(Available records):
^^^^^^^^^^^^^^^^

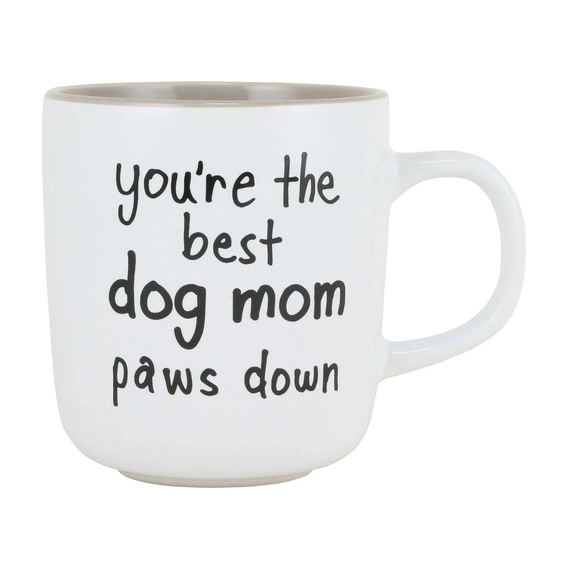 This 14 Oz Stoneware Mug By The Simply Mud Collection Is A Charming Addition To Any Kitchen. With A Clean Design, This White Mug Features Handwritten Script And Makes A Silly And Heartfelt Gift For The Best Dog Mom Around – Paws Down!
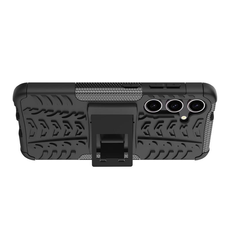 Det harde ytre skall gjør Samsung Galaxy S24+ mindre utsatt for bøying, mens det støtdempende indre deksel beskytter den mot dråper og støt. I tillegg har det også et integrert stativ for komfortabel videovisning på Samsung Galaxy S24+.
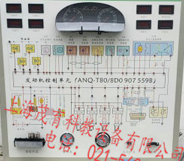 ②工作原理展示。實(shí)驗(yàn)臺(tái)控制面板上的電路圖顯示了發(fā)動(dòng)機(jī)電控系統(tǒng)的工作原理;各種儀表的讀數(shù)表示發(fā)動(dòng)機(jī)的運(yùn)轉(zhuǎn)狀態(tài),幫助學(xué)生了解電控發(fā)動(dòng)機(jī)的工作過(guò)程。
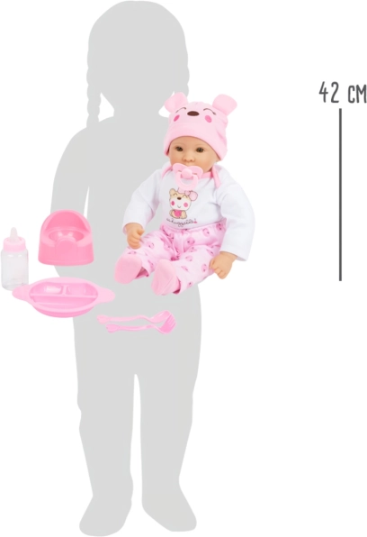 Setul bogat de accesorii include suzetă, biberon, farfurioară cu tacâmuri și oliță în culori asortate. Copiii pot exersa hrănirea, schimbarea și obiceiurile de igienă prin joc de rol distractiv. Hăinuțele sunt concepute pentru îmbrăcare ușoară, astfel încât păpușa este ușor de manevrat chiar și cu mânuțe mici.
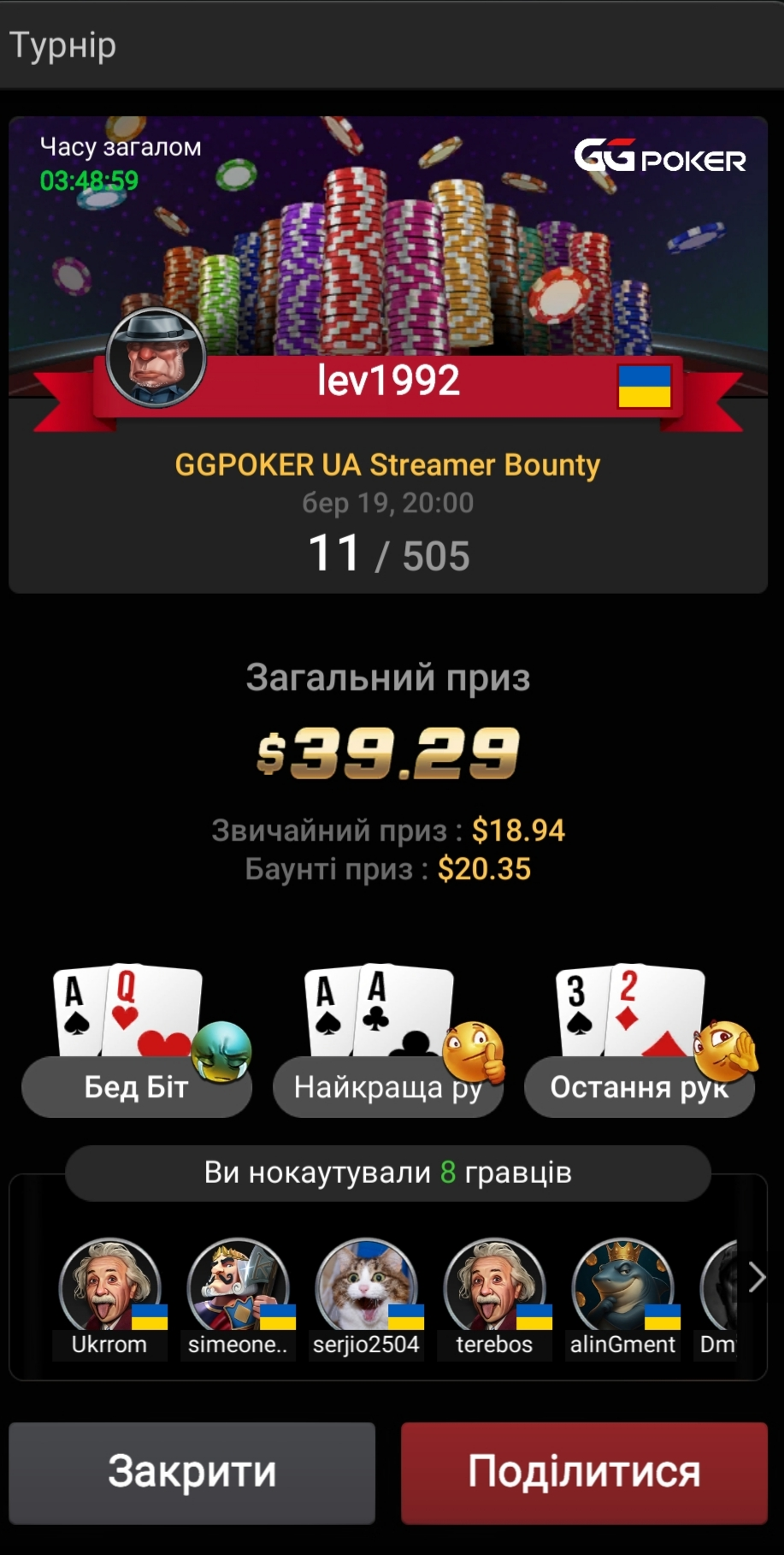 Дякую друже, та да в мене другий стек, це мене і стримало, бо ІТМ лише починався а вилітати з другим стеком не хотілося.. в на рахунок фіналки то після того як ти вилетів я вище 10 нічого не бачив просто 72,73,84 і тому подібні карти🤝
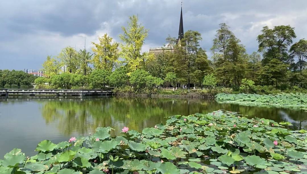 成都南湖公园内,有人在凉亭内休憩闲聊,有人在教堂外拍摄婚纱照,还有人站在绿荫下欣赏着湖中的荷花……大家惬意享受着公园内美好的午后时光。
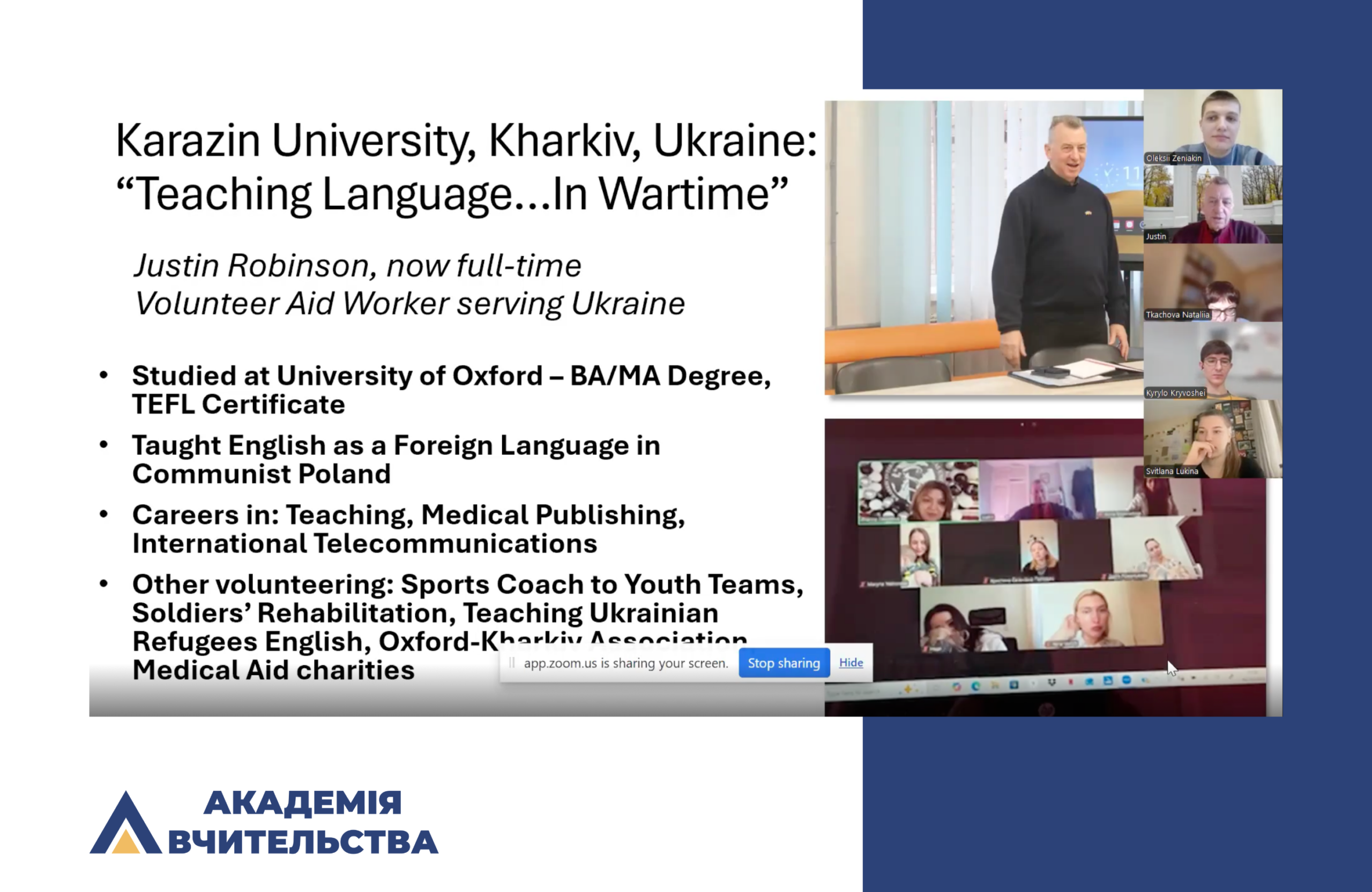 19 грудня 2025 року відбулася гостьова лекція члена Асоціації Oxford–Kharkiv, британського медичного та гуманітарного волонтера, керівника безкоштовних занять розмовної англійської мови в межах проєкту OXFORD-KHARKIV ONLINE FREE SPEAKING CLUB — пана Джастіна Робінсона.
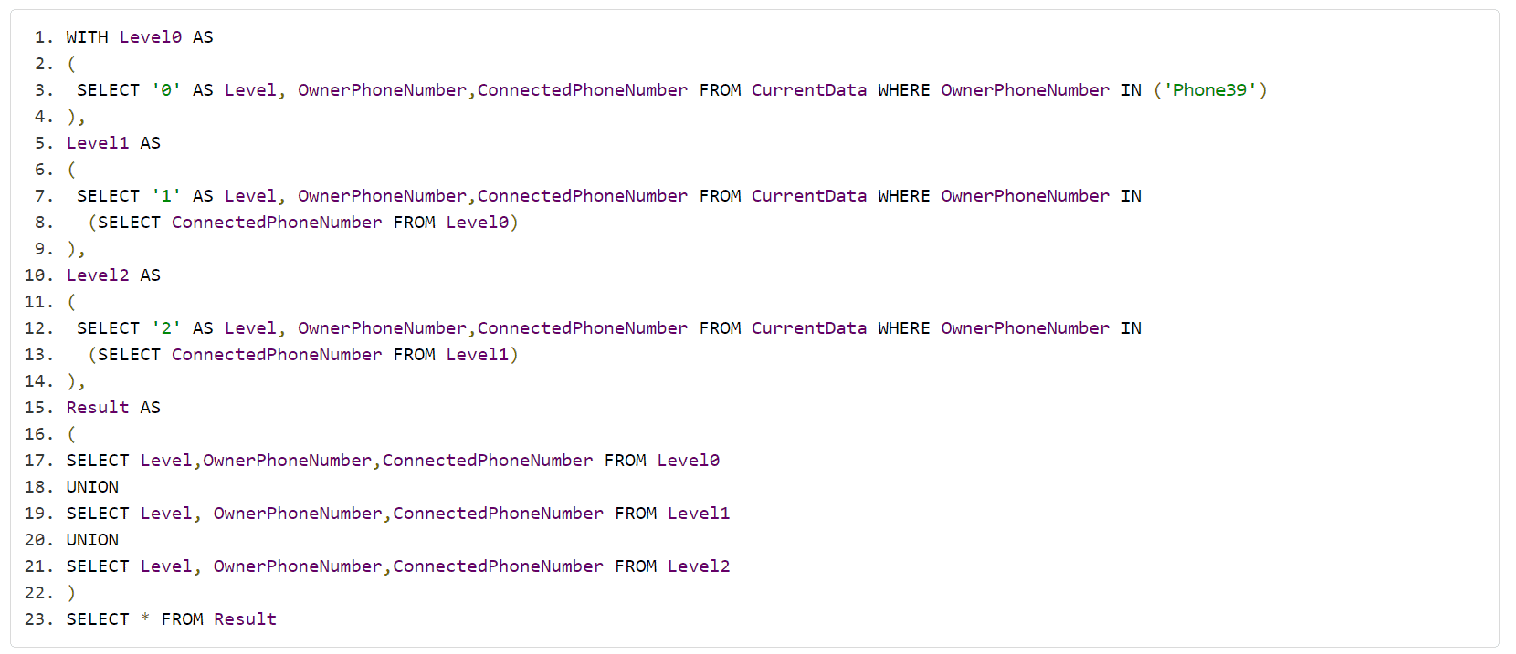 The query above returns information about the contact with people who have the phones ‘Phone54′,’Phone39′,’Phone56’ at the following levels:

^^^^^^^^^^^^^^^^

Every line from the one containing "②工作原理展示。實(shí)" to the final line of the records must be transcribed exactly, both ends included, with the pictures left out.

(Output of the exercise):
 ②工作原理展示。實(shí)驗(yàn)臺(tái)控制面板上的電路圖顯示了發(fā)動(dòng)機(jī)電控系統(tǒng)的工作原理;各種儀表的讀數(shù)表示發(fā)動(dòng)機(jī)的運(yùn)轉(zhuǎn)狀態(tài),幫助學(xué)生了解電控發(fā)動(dòng)機(jī)的工作過(guò)程。
 Setul bogat de accesorii include suzetă, biberon, farfurioară cu tacâmuri și oliță în culori asortate. Copiii pot exersa hrănirea, schimbarea și obiceiurile de igienă prin joc de rol distractiv. Hăinuțele sunt concepute pentru îmbrăcare ușoară, astfel încât păpușa este ușor de manevrat chiar și cu mânuțe mici.
 Дякую друже, та да в мене другий стек, це мене і стримало, бо ІТМ лише починався а вилітати з другим стеком не хотілося.. в на рахунок фіналки то після того як ти вилетів я вище 10 нічого не бачив просто 72,73,84 і тому подібні карти🤝
 成都南湖公园内,有人在凉亭内休憩闲聊,有人在教堂外拍摄婚纱照,还有人站在绿荫下欣赏着湖中的荷花……大家惬意享受着公园内美好的午后时光。
 19 грудня 2025 року відбулася гостьова лекція члена Асоціації Oxford–Kharkiv, британського медичного та гуманітарного волонтера, керівника безкоштовних занять розмовної англійської мови в межах проєкту OXFORD-KHARKIV ONLINE FREE SPEAKING CLUB — пана Джастіна Робінсона.
 The query above returns information about the contact with people who have the phones ‘Phone54′,’Phone39′,’Phone56’ at the following levels:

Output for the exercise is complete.